If you do not yet have admin access, start with Get Admin Access.

Choose A Small First Policy

Start with one source group and one hostname allow rule. This shows the differentiator that Neuwerk exists to provide: explicit DNS-aware enforcement, not just static destination IP rules.

{
  "mode": "audit",
  "name": "hostname-egress",
  "policy": {
    "default_policy": "deny",
    "source_groups": [
      {
        "id": "office-users",
        "sources": {
          "cidrs": ["10.10.0.0/16"]
        },
        "default_action": "deny",
        "rules": [
          {
            "id": "allow-api-example-dns",
            "action": "allow",
            "match": {
              "dns_hostname": "^api\\.example\\.com$"
            }
          },
          {
            "id": "allow-api-example-https",
            "action": "allow",
            "match": {
              "proto": "tcp",
              "dst_ports": [443]
            }
          }
        ]
      }
    ]
  }
}

Why start here:

  • the source population is explicit
  • the allowed destination is expressed as a hostname, not a fragile IP list
  • the default behavior is deny
  • audit mode lets you observe the behavior before you block production traffic

Important detail: hostname access needs an explicit DNS allow rule. The HTTPS rule alone does not grant hostname-based access.

Upload The Policy

Write the policy by stable name:

curl -sk \
  -H "Authorization: Bearer $NEUWERK_TOKEN" \
  -H "Content-Type: application/json" \
  -X PUT \
  https://neuwerk.example/api/v1/policies/by-name/hostname-egress \
  --data @policy.json

Using mode: audit makes this policy the active logic while still converting final deny outcomes into allow.
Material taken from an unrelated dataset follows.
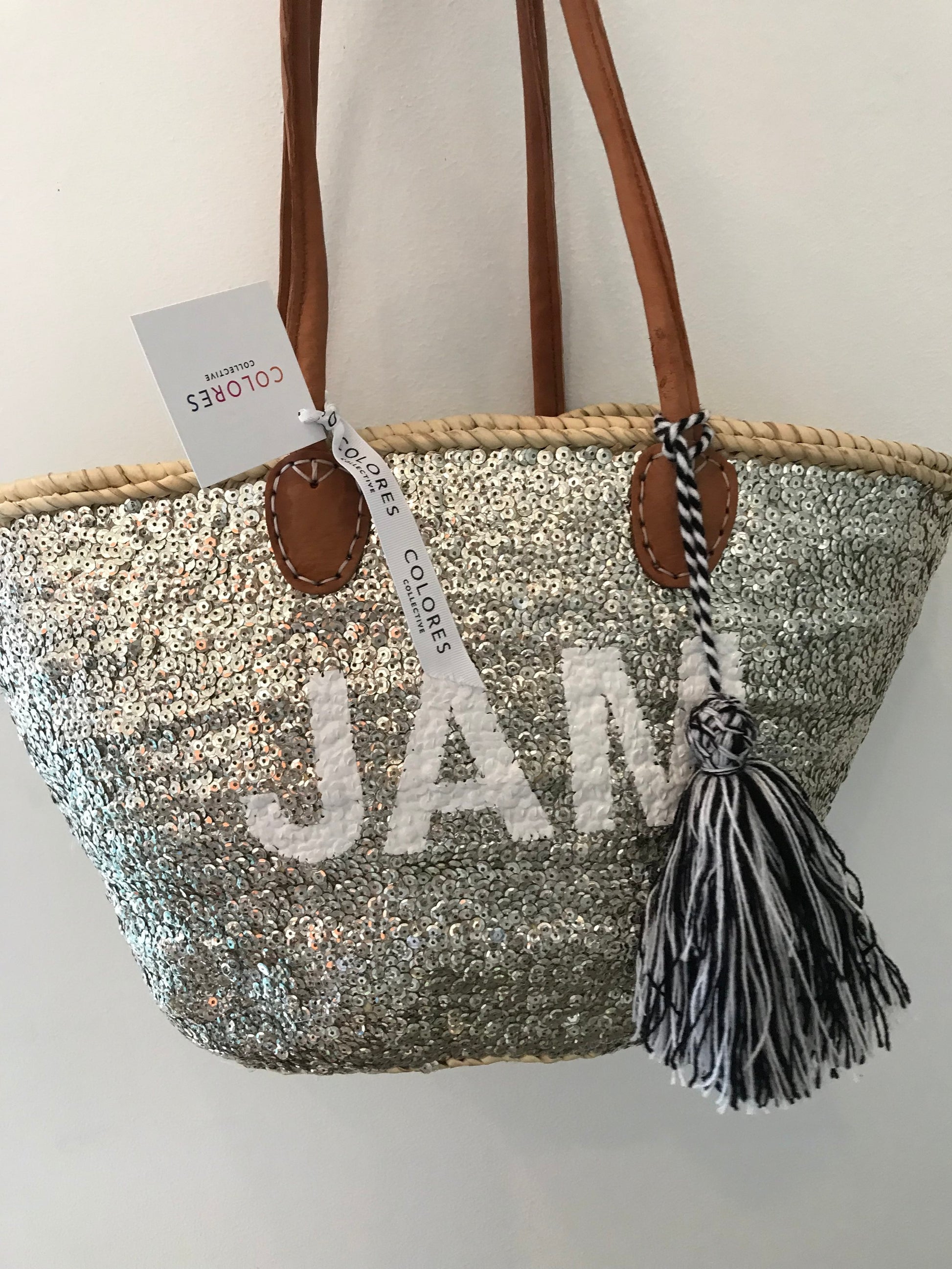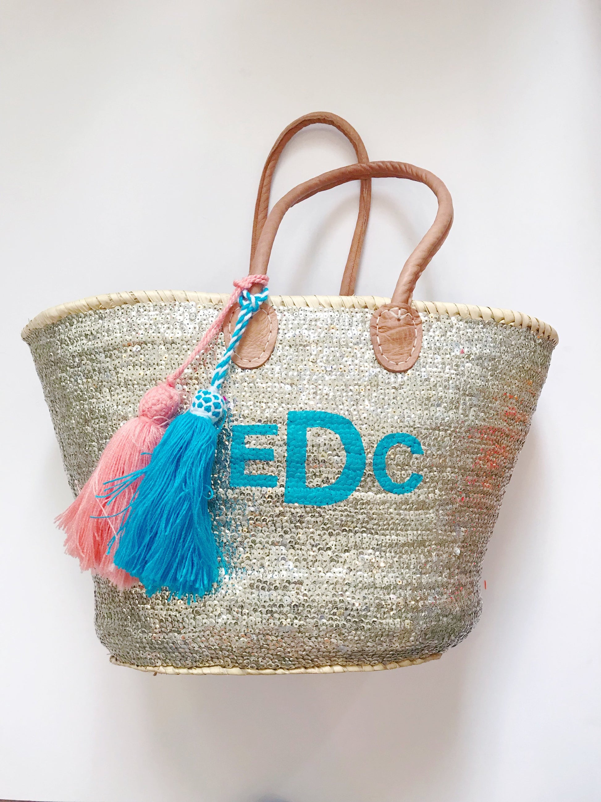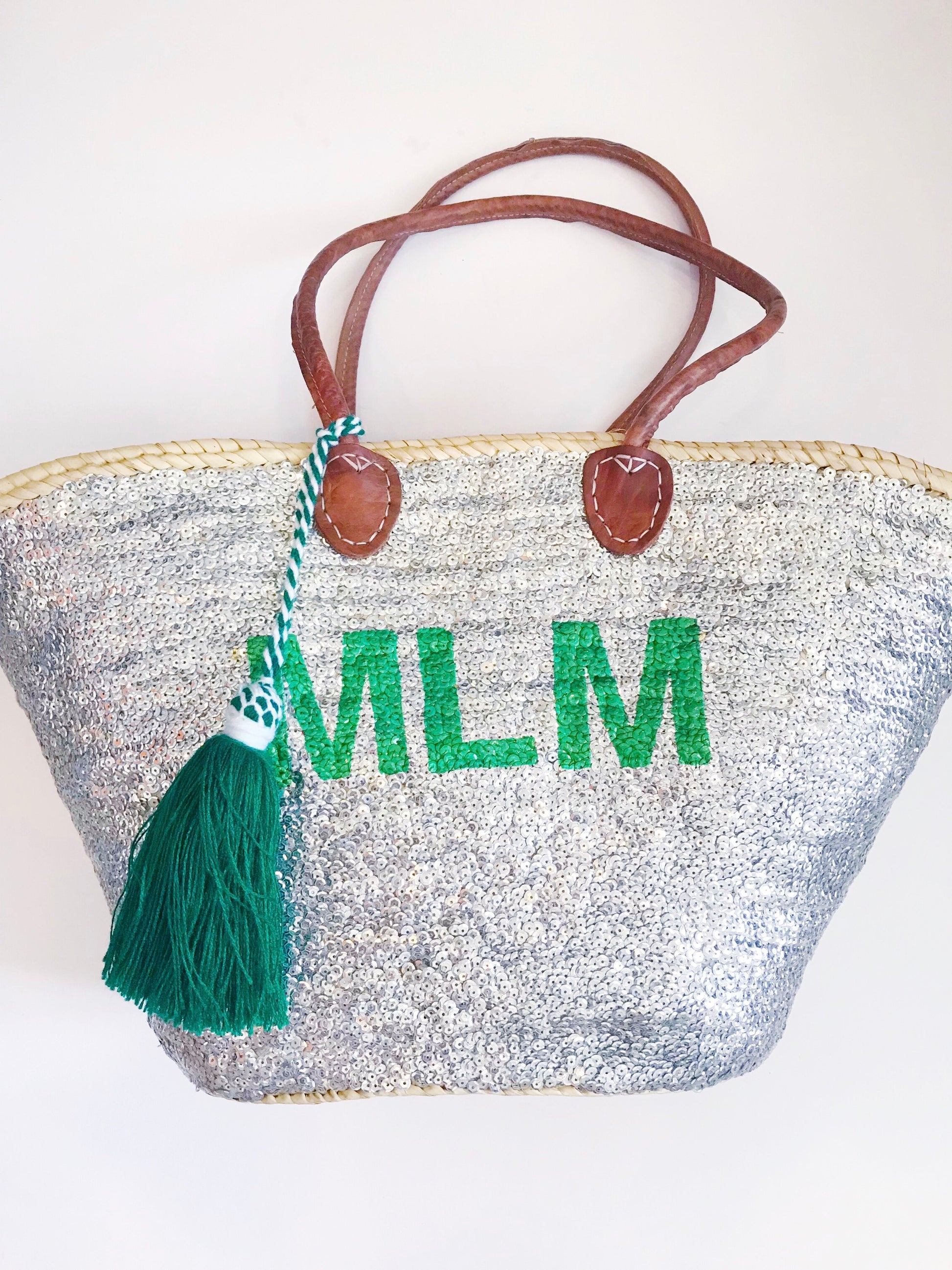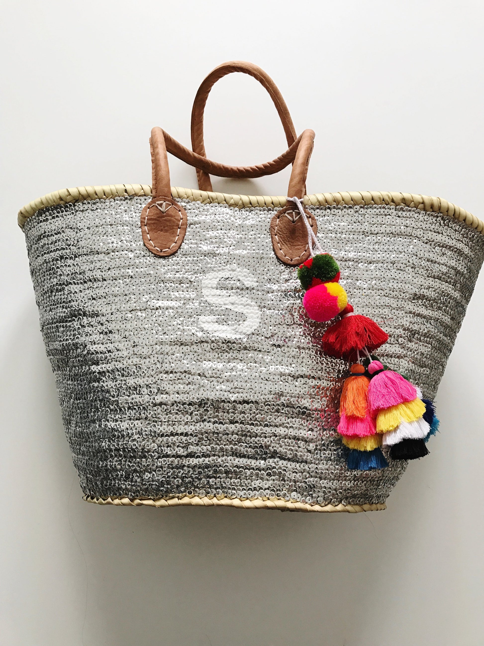 Handwoven straw totes from Morocco. Each bag covered in sequins that are individually sewn into the bag so they are secure. Medium length extra study light colored leather straps make for easy shoulder carrying.
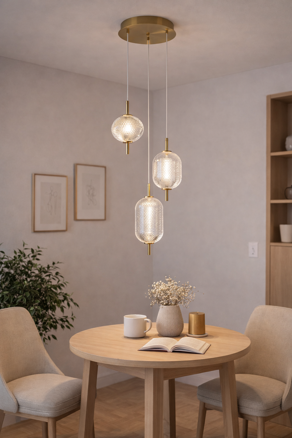 Producent Italux – nowoczesne oświetlenie do każdego wnętrzaLampa sufitowa PADRI 3xG9 złota wisząca do salonu Italux PND-40827-3-HBR-CL

Verify That The Policy Became Active

Check the stored record:

GET /api/v1/policies/by-name/hostname-egress

Then check node readiness and runtime state:

GET /ready
GET /api/v1/stats

What you want to see:

  • the policy record exists
  • the node is ready
  • stats show the dataplane and policy state as healthy

Then inspect the DNS runtime specifically:

  • GET /api/v1/dns-cache
  • GET /api/v1/audit/findings

What you want to confirm:

  • queries for api.example.com are accepted and show up in DNS runtime state
  • traffic outside the declared policy shows up as audit findings instead of being silently allowed

Tighten The HTTPS Rule With TLS Metadata

Once the DNS-based flow looks correct, you can narrow the HTTPS rule further by requiring a specific SNI in TLS metadata mode:

{
  "id": "allow-api-example-https",
  "action": "allow",
  "match": {
    "proto": "tcp",
    "dst_ports": [443],
    "tls": {
      "mode": "metadata",
      "sni": {
        "exact": ["api.example.com"]
      }
    }
  }
}

Use this when SNI or certificate metadata is enough and you do not want active TLS interception. That gives you a good first-time progression:

  1. allow DNS for the hostname you intend
  2. allow HTTPS for the matching flow
  3. optionally require the expected TLS identity before you enforce broadly

Verify The Behavioral Result

Use a test host inside 10.10.0.0/16 and confirm:

  • DNS for api.example.com is allowed
  • HTTPS to api.example.com:443 is observed as allowed by the candidate policy
  • other unmatched traffic appears in audit findings

If the Neuwerk denies more than you expected, inspect:

  • GET /api/v1/audit/findings
  • GET /api/v1/dns-cache when hostname policy is involved
  • GET /api/v1/wiretap/stream when you need live confirmation

Promote The Policy To Enforce

When the audit evidence matches your intent, change the top-level mode to enforce and write the same policy again:

  • keep the same name
  • keep the same policy body
  • change only the top-level mode from audit to enforce

Warning

Changing a policy in enforce mode changes the active policy immediately. For larger rollouts, keep the source group narrow, validate DNS and audit behavior first, and only then broaden the source population.